Detailed Description of the Invention

[0001]

TECHNICAL FIELD The present invention relates to a magnetic recording medium and a magnetic storage device suitable for high density magnetic recording.

[0002]

2. Description of the Related Art As computers become smaller and faster,
There is an increasing demand for higher density of magnetic disk devices, which are external storage devices. Currently, magnetic recording media used in large-capacity magnetic disk devices include CoNiCr and CoC.
A Co alloy sputtered film such as rTa or CoCrPt is used, and a high recording density of several hundred megabits per square inch is realized. However, with the miniaturization of recording bits, the reduction in reproduction output and the increase in medium noise have become serious problems.
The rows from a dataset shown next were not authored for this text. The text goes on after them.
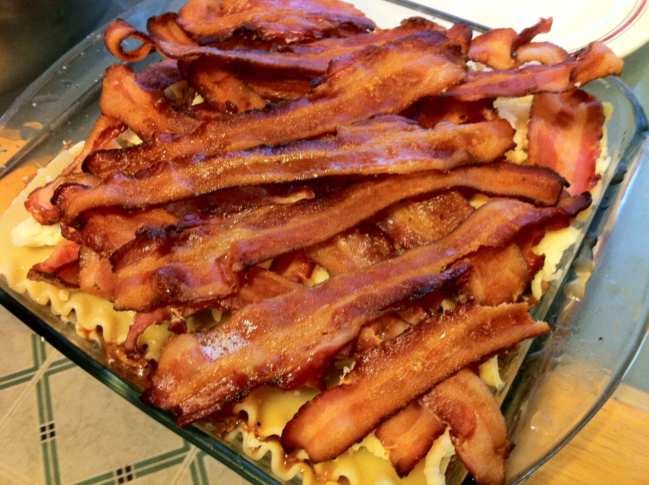 This was my very first ‘epic meal’ inspired creation. What could I make that was so out there, yet tasted good? Lasagne with all parts of a pig! a Porksagne!
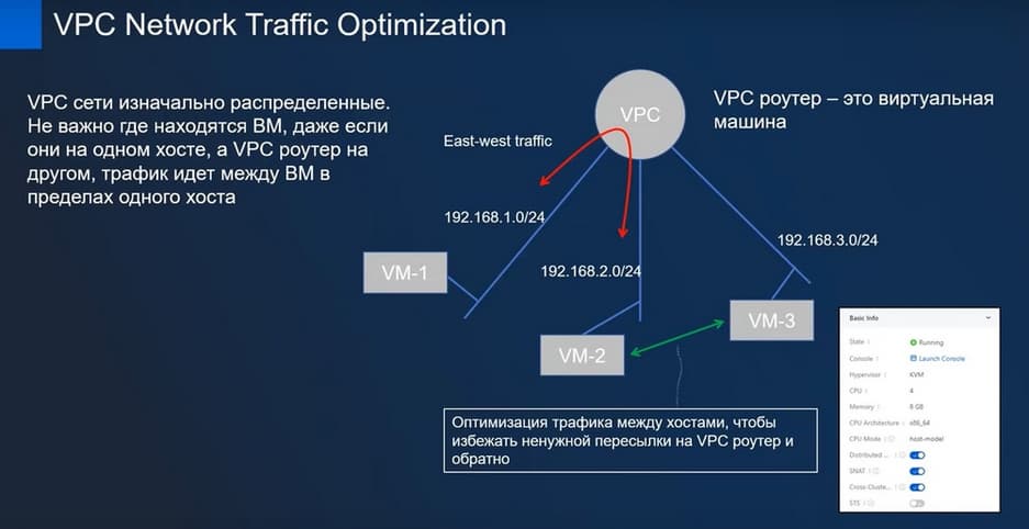 VPC сети изначально распределенные. Не важно где находится ВМ, даже если они находятся на одном хосте, а VPC роутер на другом, трафик идет между ВМ в пределах одного хоста. VPC Network Traffic Optimization осуществляет оптимизацию трафика между хостами, чтобы избежать ненужной пересылки на VPC роутер и обратно.
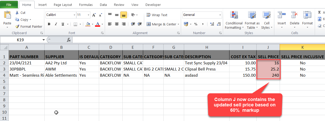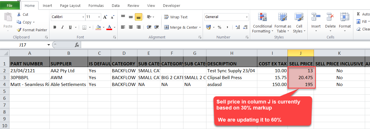 In this example, our fist item has a sell price of $10.2 which is 50% markup. To update it to 60% markup, we can calculate by $10.00 X 60% + Cost Ex tax = $16.00. If you're using formulas to calcuate the new markup, make sure to paste the data as values prior to importing.
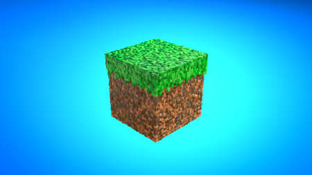 Pixel grass and ground background. The concept of games. 3D Abstract cubes. Depth of field. Concept of games minecraft
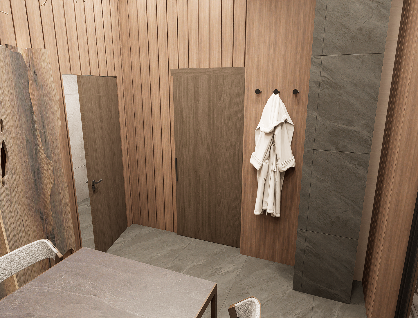 a hyper realistic visualization created from a sketch don t change the arrangement of furniture windows or other objects and don t add anything textures are modern and minimalist don t change the placement of textures on surfaces make them realistic soft natural light from the windows realistic shadows ultra realistic architectural photography a cozy atmosphere hd resolution
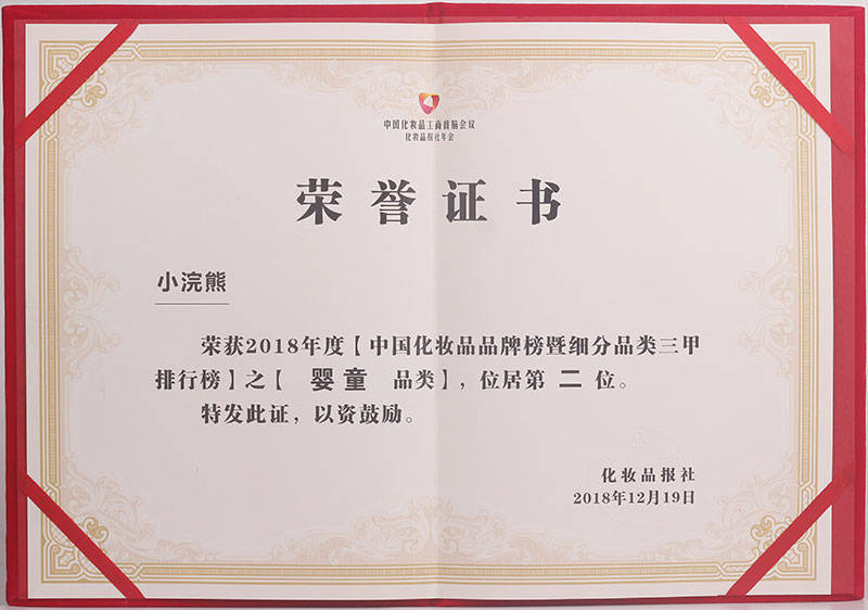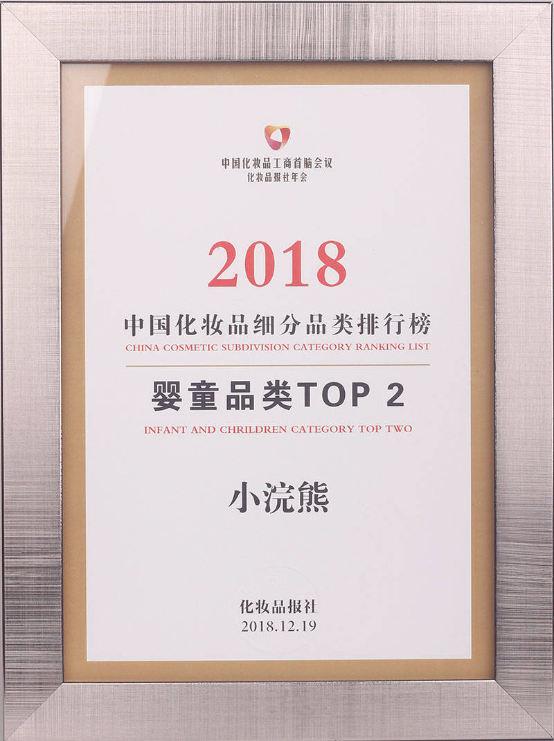 "小浣熊"榮獲【化妝品報社】授予的“2018年度【中國化妝品品牌榜暨細分品類三甲排行榜】之【嬰童品類】第二位”殊榮
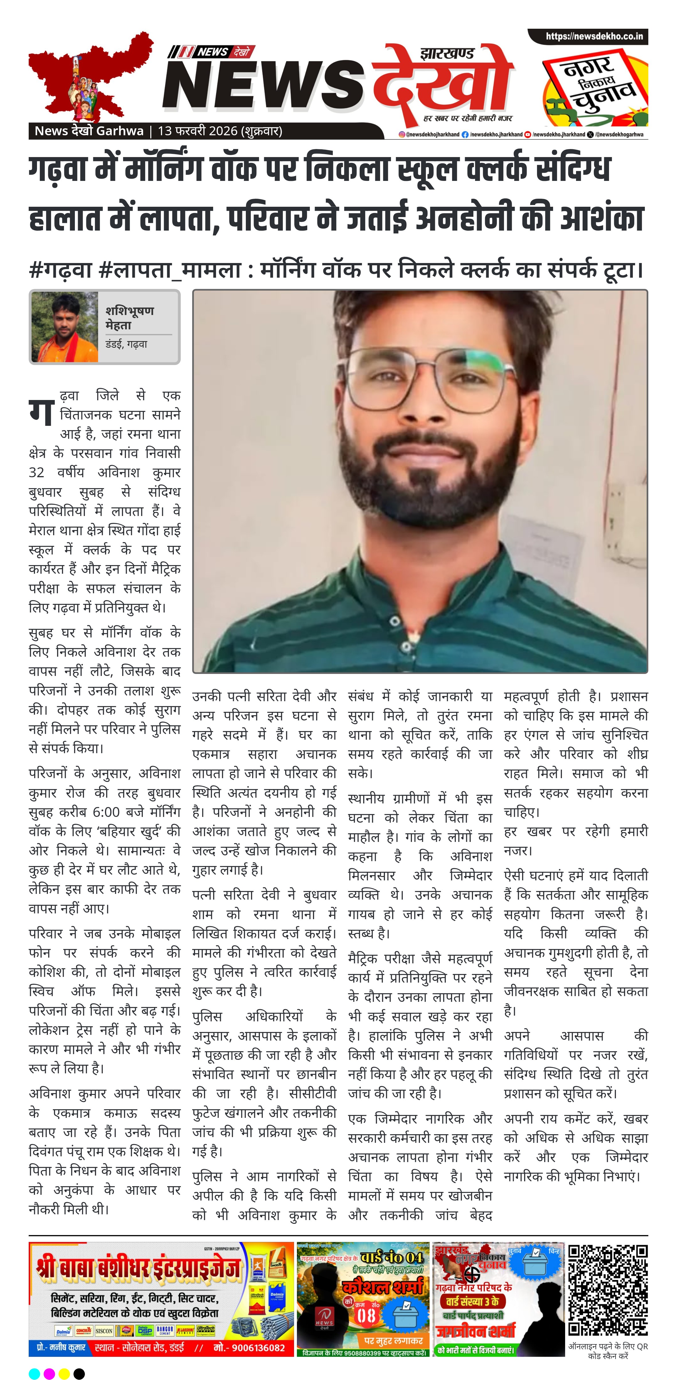 गढ़वा जिले से एक चिंताजनक घटना सामने आई है, जहां रमना थाना क्षेत्र के परसवान गांव निवासी 32 वर्षीय अविनाश कुमार बुधवार सुबह से संदिग्ध परिस्थितियों में लापता हैं। वे मेराल थाना क्षेत्र स्थित गोंदा हाई स्कूल में क्लर्क के पद पर कार्यरत हैं और इन दिनों मैट्रिक परीक्षा के सफल संचालन के लिए गढ़वा में प्रतिनियुक्त थे।
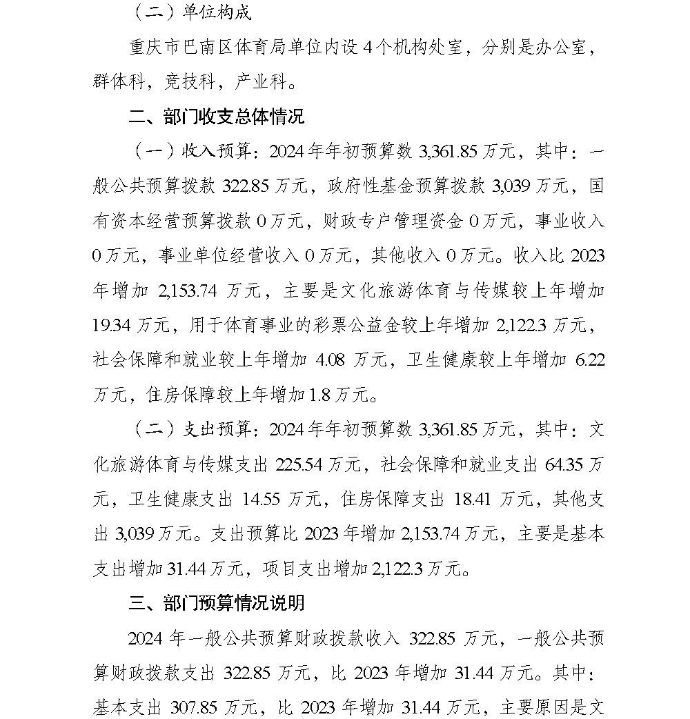 重庆市巴南区体育局2024年部门预算情况说明(汇总级和本级)
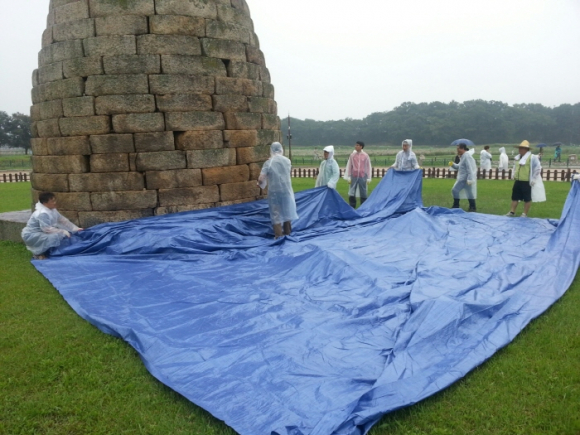 추석연휴를 반납하고, 경주지역 문화재 피해 현장에서 기와정비 및 우장막 설치 작업 등 제16호 태풍 말라카스로 인한 2차 피해를 막기 위해 구슬땀을 흘렸다. 문화재피해 응급조치 팀은 4개조로 나누어져 분야별 전문가가 참여한 가운데 진행되고 있으며 태풍이 우리나라에 본격적으로 영향을 미치는 16일 밤 이전에 모든 피해 문화재의 응급복구를 마무리할 예정이다.
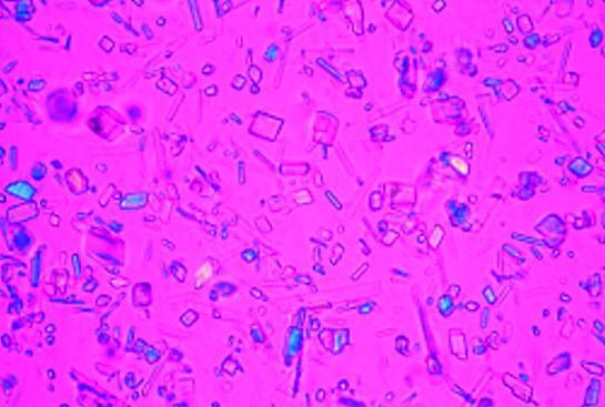 В синовиальной жидкости может быть идентифицировано большое количество разнообразных кристаллов. Однако диагностическую ценность представляют только два типа из них. Кристаллы урата натрия являются признаком подагры, а кристаллы дигидропирофосфата кальция обнаруживаются при псевдоподагре. Эти кристаллы могут быть выявлены при поляризационной микроскопии.
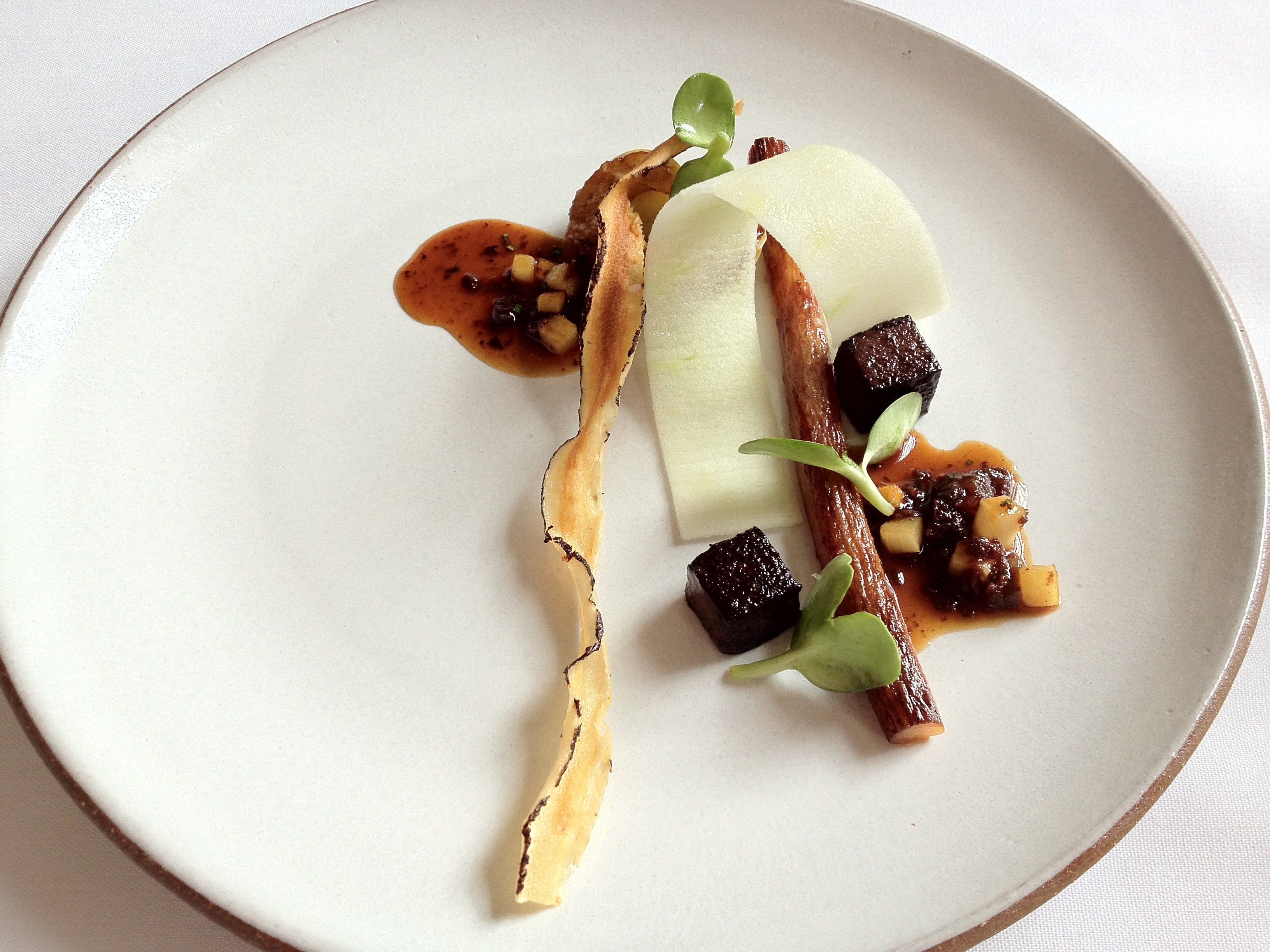 Monte: Looks like a twig, but tastes much better. The salsify texture was kind of like a taffy candy, with its chewiness. The jus alongisde it was really rich and worked well with lighter elements of the other dish.
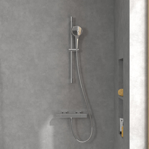 - Mitigeur thermostatique de douche avec réglage sécurisé de la température et compensation de pression pour un jet d'eau stable.
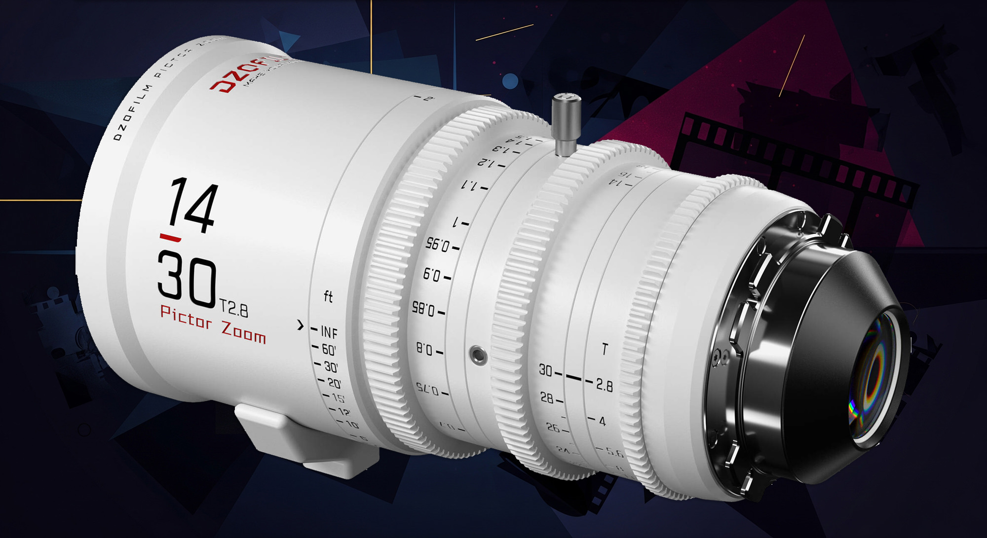 The white Pictor 14-30mm T2.8 Super35 Parfocal Zoom Lens from DZOFilm features a relatively fast maximum aperture of T2.8 with an aperture range of T2.8 to T22, and it adds an extreme wide-angle zoom to the Pictor line of lenses.

The reduction in reproduction output can be solved by using a high-sensitivity magnetoresistive head as the reproduction head, but the problem of medium noise requires improvement of the characteristics of the medium itself.

As a method of reducing the medium noise, a method of making the magnetic particles fine, weakening the interaction between the particles, and reducing the magnetization reversal size has been studied. However, if the magnetization reversal size is made too small, the magnetization thermally fluctuates, and the recording becomes unstable. Therefore, it is necessary to use a material having large crystal magnetic anisotropy for the magnetic layer to reduce the influence of thermal fluctuation. Materials having large crystal magnetic anisotropy include RECo ₅ and RE ₂ C used in permanent magnets.
o ₁₇ etc. are known. Here, RE represents a light rare earth element.
The crystal magnetic anisotropy constants of these materials are about one digit larger than those of Co alloys, and the influence of thermal fluctuation can be reduced even if the magnetization reversal size is reduced.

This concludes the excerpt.